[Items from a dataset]
++++++++

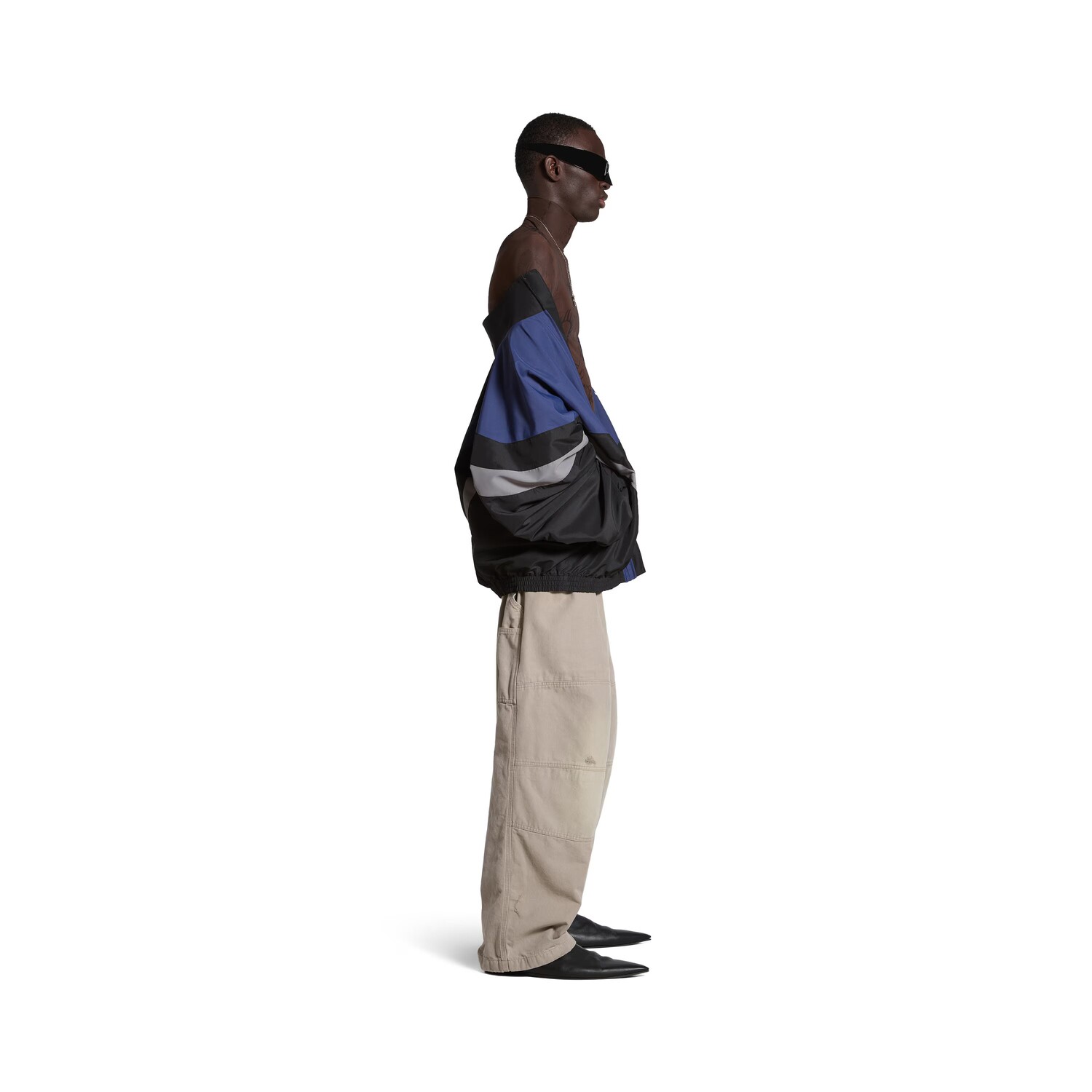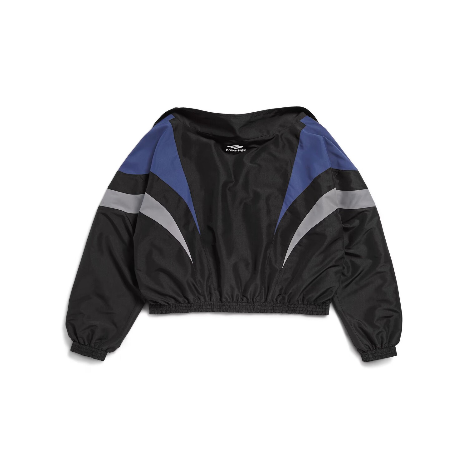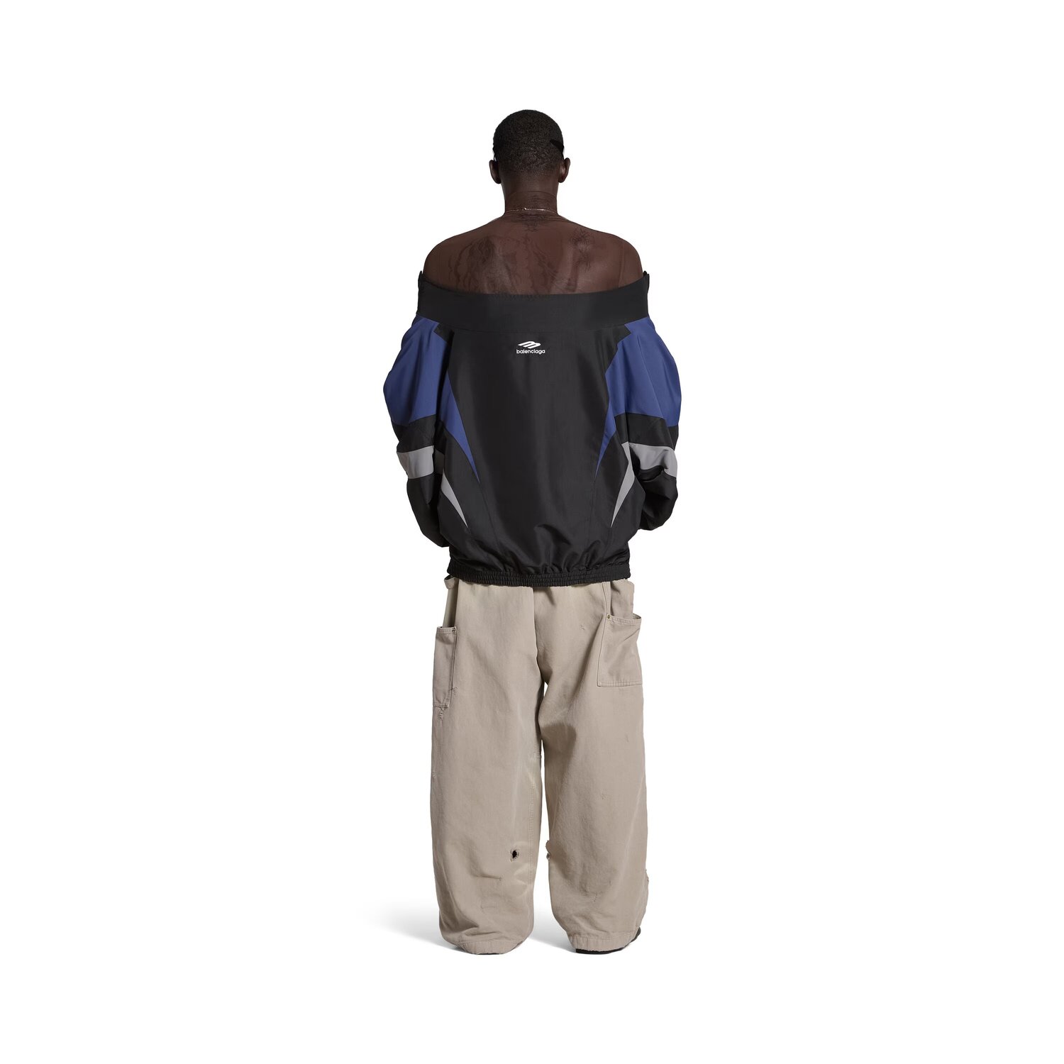 Спортивная куртка 3B Sports Icon Off Shoulder в черном, синем, сером и белом цвете из легкой технической ткани относится к образу 64 из коллекции Balenciaga Summer 24.
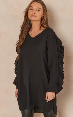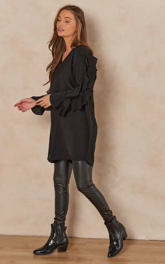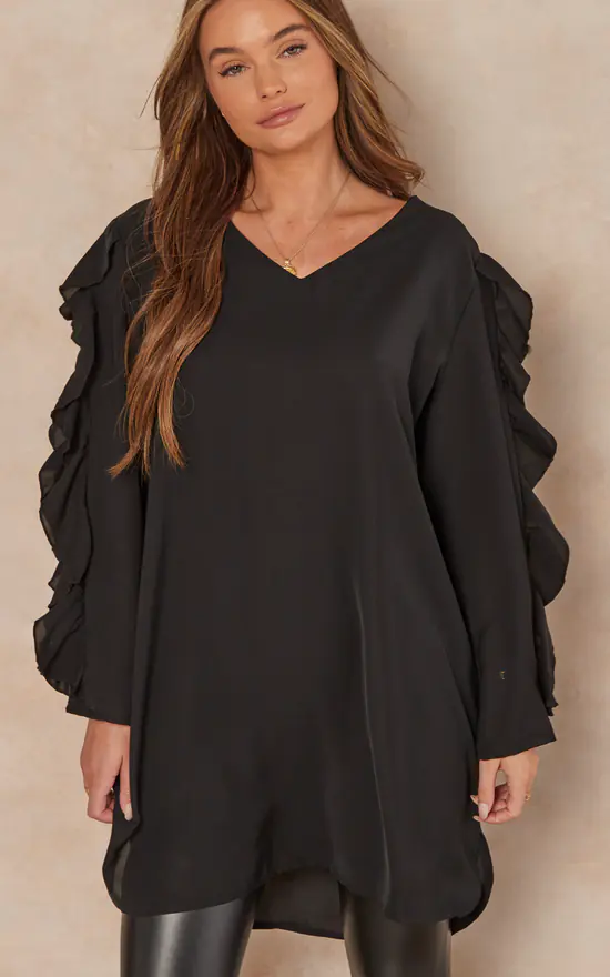 This trendy tunic is the perfect addition to your wardrobe. It features a v-neck, ruffle sleeves, and an oversized fit that is sure to turn heads.
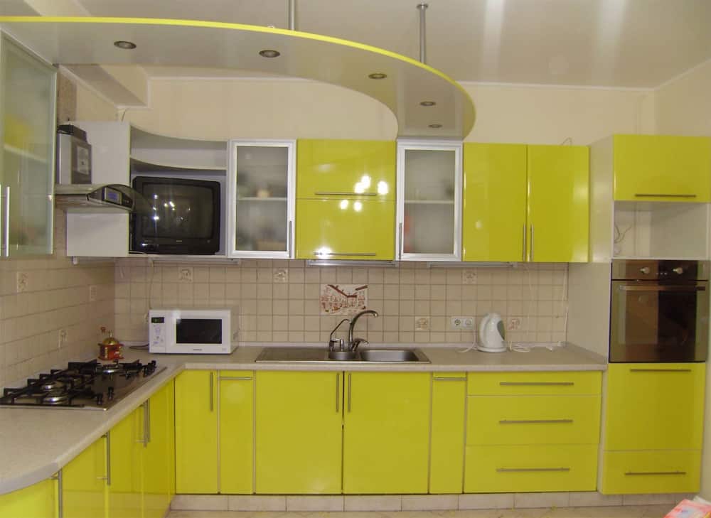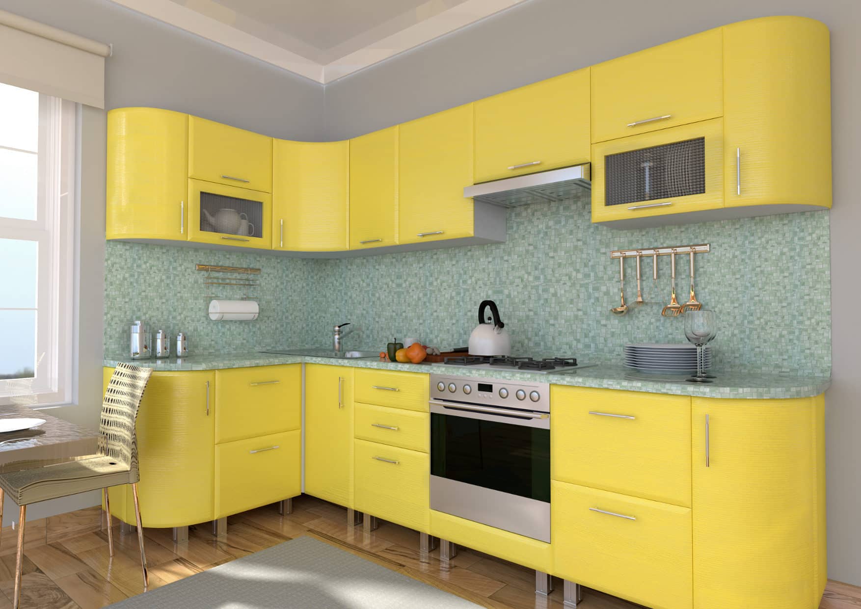 К желтому гарнитуру надо подобрать обои пастельные, белые или разные оттенки зеленого. Серый или соломенный цвет обоев как нельзя лучше подойдет к синему гарнитуру.
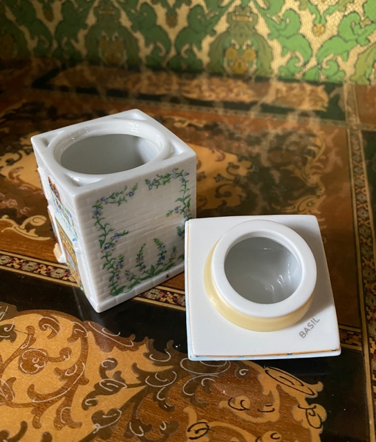 Lenox Spice Village Basil basilikum krydderbøsse krydderkrukke Brooks & Bentley 1989 Krydderkrukke i flott vintage stand. Eksklusivt samleobjekt. NOK145,00 inkl. mva. På lager: 1 stk. Kjøp Ønskeliste Vipps hurtigkasseKjøp nå med Vipps hurtigkasse Del dette Produktinfo Varen kan sendes eller hentes etter avtale på butikklageret i Tysvær NB! man får spørsmål om hente/sending først etter at man har registrert adressen. Fast fraktpris 73 kr for kjøp <1000 kr og gratis frakt ved kjøp ≥1000 kr (Begge alternativene gjelder for forsendelser med vekt 0-10 kg). Har du bestilt, men hører ikke noe i fra meg? Sjekk mappen for uønsket e-post.
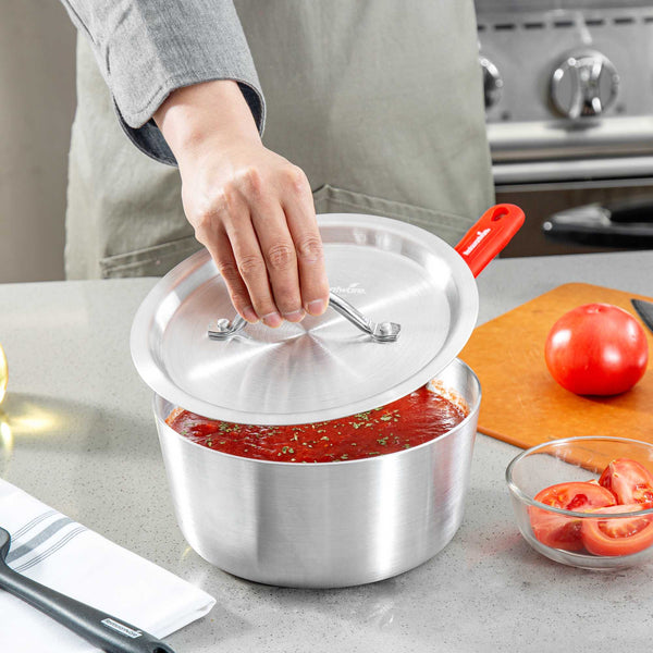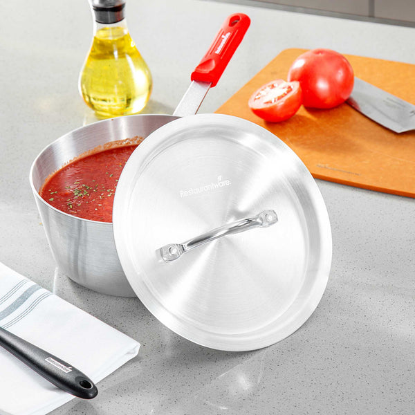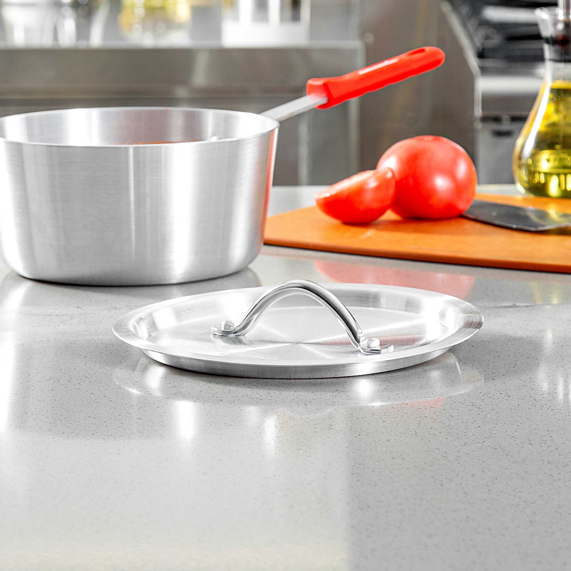 Seal in heat and enhance cooking efficiency with Met Lux Heat-Sealing Sauce Pan Lid. This aluminum sauce pan lid is expertly crafted to seal in heat, reduce spatter, and maintain moisture, ensuring your dishes are cooked to perfection. Its handle is easy to grab with a pad or towel, significantly reducing the risk of burns during use as an oven safe pan cover. Designed to withstand high temperatures, this cooking pot lid is oven-safe, making it a versatile addition to any professional kitchen. With dimensions of 8.74 inches by 8.74 inches, these lids fit securely on 2.75 quart sauce pans (sold separately), promoting efficient cooking while providing a clean, professional appearance. The warp-resistant aluminum construction ensures durability and longevity, supporting everyday use without compromising quality. Equip your kitchen with these essential tools to elevate your cooking experience. Sold in a 12 count box.
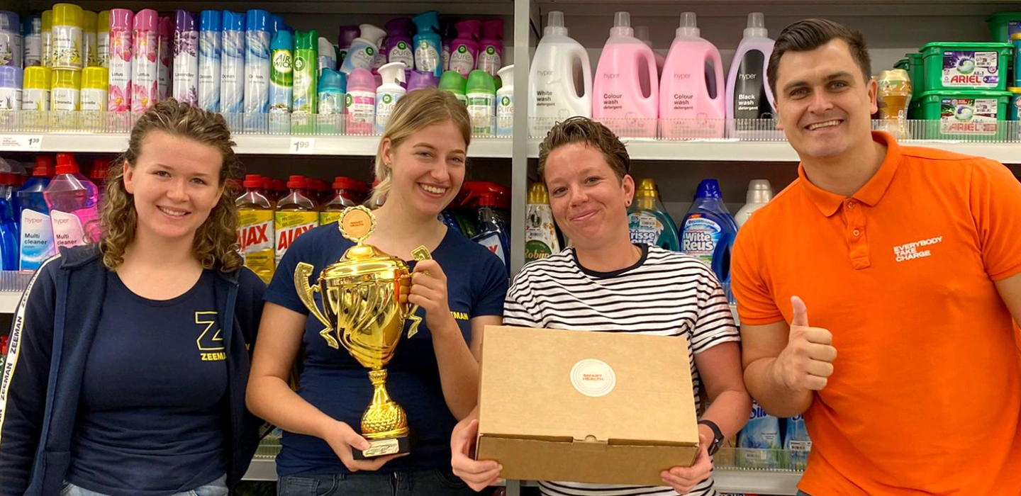Afgelopen zomer organiseerden we vanuit Smart Health een grootschalige stappenchallenge voor alle Zeemanwinkels van Nederland. Maar liefst 1.193 medewerkers van 455 filialen deden mee, onderverdeeld in 18 regio’s. Iedere deelnemende winkel kreeg persoonlijk bezoek van Smart Health en bij de regiowinnaars keerden we terug voor de prijsuitreiking. Dat leverde een enorme hoeveelheid stappen en veel enthousiaste medewerkers op.
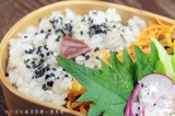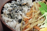 若布や菜っ葉などを入れた混ぜご飯にしています。
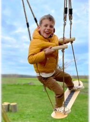 Solidne drewniane uchwyty na linach łatwo przesuniesz do idealnej wysokości. Zapewniają oparcie przy wsiadaniu i huśtaniu na stojąco.
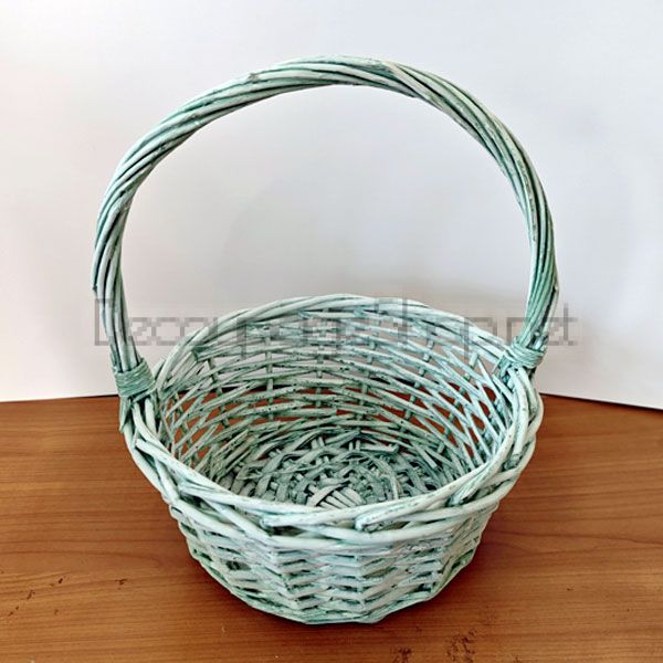 Кръгла плетена кошница бледозелена - средна кошница 28,0 х 31,0 х 11,0 см
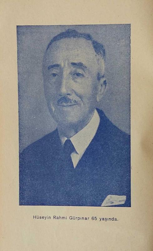 Bu kitap ne ilmi bir etüddür, ne de usulüne göre yapılmış bir edebi tenkidi ihtiva ediyor. Ben bu kitabı vaktile ona ait hatıralarımı toplamak ve duyguları belirtmek için yazmıştım; şimdi hiç bir yerine dokunmadan, ifadesini bile değiştirmeden bastırıyorum. Bu kitabın maksadı sadece onu hatırlamaktır ve Hüseyin Rahmi Gürpınar, Türk edebiyatının devamlı, uzun ve sonsuz ömrü boyunca her zaman hatırlanmaya layık bir sanatkardır." Metin içinde ayrıca fotoğraflar. Orijinal karton kapağında. (İlk sayfada kaşe silintisi.)
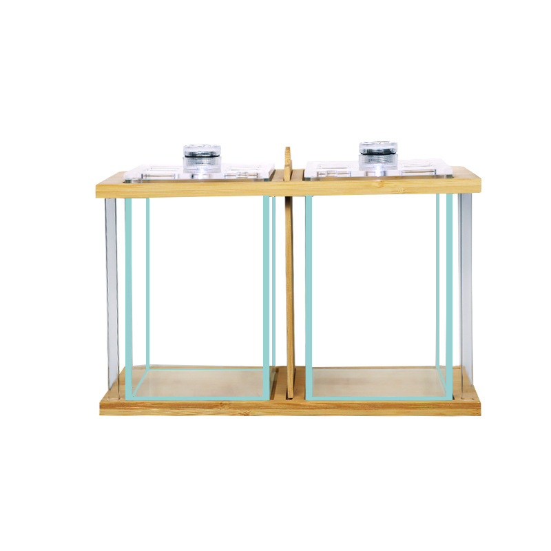 태국 Dou 물고기 이중 행 탱크 뚜껑과 가벼운 데스크탑 미니 Dou 수조가있는 창조적 인 대나무 및 나무 생태 슈퍼 화이트 어항
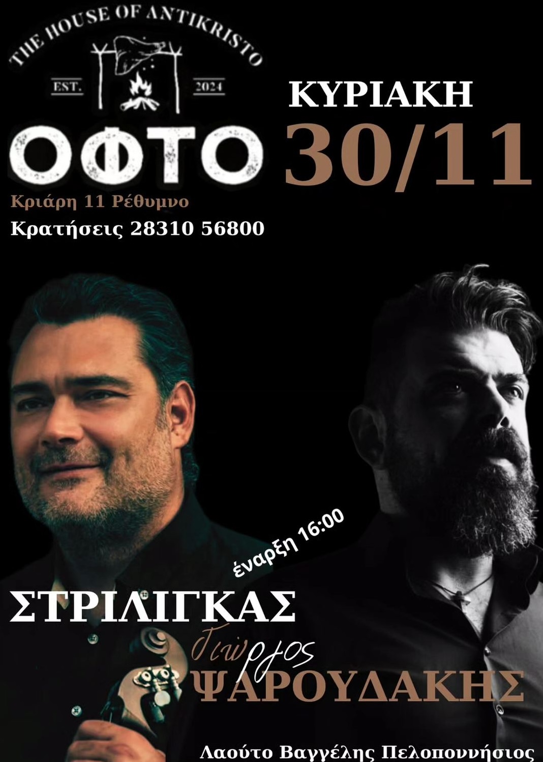 Κρητική μουσική στο «Οφτό» με τους Γιώργο Στριλιγκά και Γιώργο Ψαρουδάκη. Μαζί τους ο Γιώργος Πελοποννήσιος.

++++++++

Task details
Starting at the line that contains "Bu kitap ne", please write out each line through the last line of the data, both ends included, and keep pictures out of the copy.

Answer space
 Bu kitap ne ilmi bir etüddür, ne de usulüne göre yapılmış bir edebi tenkidi ihtiva ediyor. Ben bu kitabı vaktile ona ait hatıralarımı toplamak ve duyguları belirtmek için yazmıştım; şimdi hiç bir yerine dokunmadan, ifadesini bile değiştirmeden bastırıyorum. Bu kitabın maksadı sadece onu hatırlamaktır ve Hüseyin Rahmi Gürpınar, Türk edebiyatının devamlı, uzun ve sonsuz ömrü boyunca her zaman hatırlanmaya layık bir sanatkardır." Metin içinde ayrıca fotoğraflar. Orijinal karton kapağında. (İlk sayfada kaşe silintisi.)
 태국 Dou 물고기 이중 행 탱크 뚜껑과 가벼운 데스크탑 미니 Dou 수조가있는 창조적 인 대나무 및 나무 생태 슈퍼 화이트 어항
 Κρητική μουσική στο «Οφτό» με τους Γιώργο Στριλιγκά και Γιώργο Ψαρουδάκη. Μαζί τους ο Γιώργος Πελοποννήσιος.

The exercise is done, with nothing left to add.